Yesterday, President Cyril Ramaphosa declared a National State of Disaster. Here are the 10 key points from his plan for managing the coronavirus in South Africa.
So things have gotten serious. But let’s not panic. Knowledge is power and we need to work together to contain the pandemic of COVID-19. Where are things at now? Yesterday, the number of confirmed cases in SA was 61. The affected provinces include Gauteng, Mpumalanga, KwaZulu-Natal and the Western Cape.
There is still no specific anti-viral cure according to the NICD. But there is supportive treatment. What does this mean? While antibiotics do not treat viral infections, they can help with bacterial secondary infections.
1 Serious travel bans
The president has discouraged all domestic travel. So, if you don’t absolutely have to do it, don’t. This includes government.
As for international travel, we’ve been advised to stay away from high-risk countries as of right TF now. These countries include Italy, Iran, South Korea, Spain, Germany, United States, United Kingdom and China.
But what if you’ve already travelled pretty recently? Well, everyone returning from high-risk countries needs to self-isolate and get tested.

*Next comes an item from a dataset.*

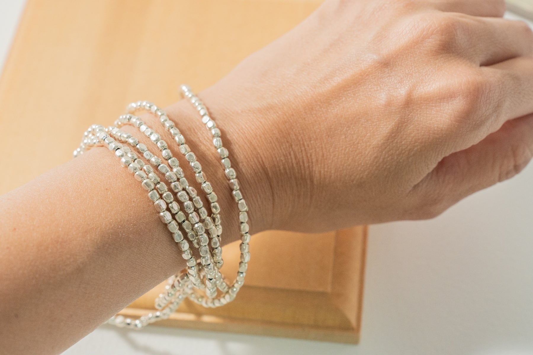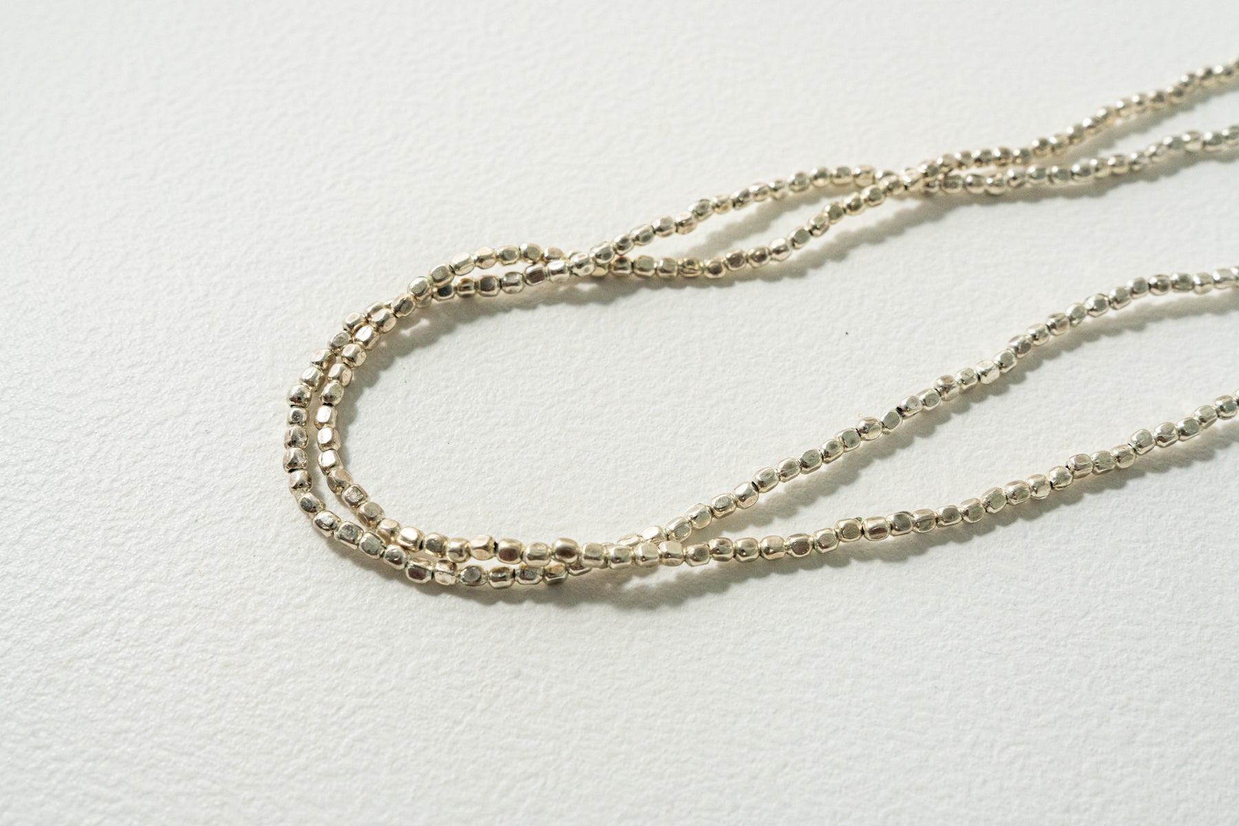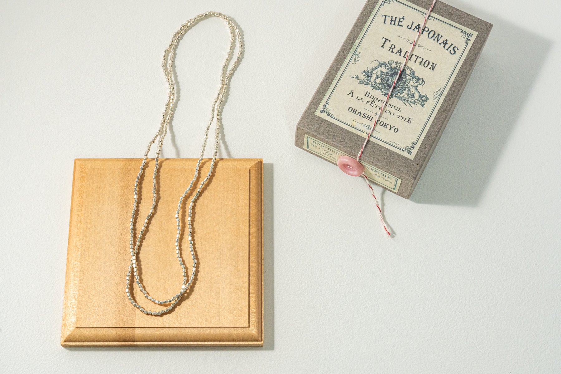 ダブルにして首元を華やかに彩ったり、何重にもしてブレスレットとして使ったり。コーディネートによって、いろいろな付け方をお楽しみいただけます。

Of our 72 ports, 35 will be shut down. In addition, visas from high-risk countries will be cancelled. And from 18 March, there will be a travel ban for foreign nationals from high-risk countries.
2. No gatherings of over 100 people
So this one seems tough. But the rest of the world has already been doing it. Major concerts and sports events have been cancelled on an international scale. Now, we need to follow suit.
Gatherings of more than 100 people are banned. So no big parties or corporate events. Even organisers of smaller events need to be super prepared and have a plan. Or, even better, not have it at all. Social distancing is one of the key tools we have right now.
3. Schools are closing
Yip, from 18 March, schools will be closed. At least until after Easter weekend. Let’s keep our kids safe. Many universities have closed too – and are looking at online options.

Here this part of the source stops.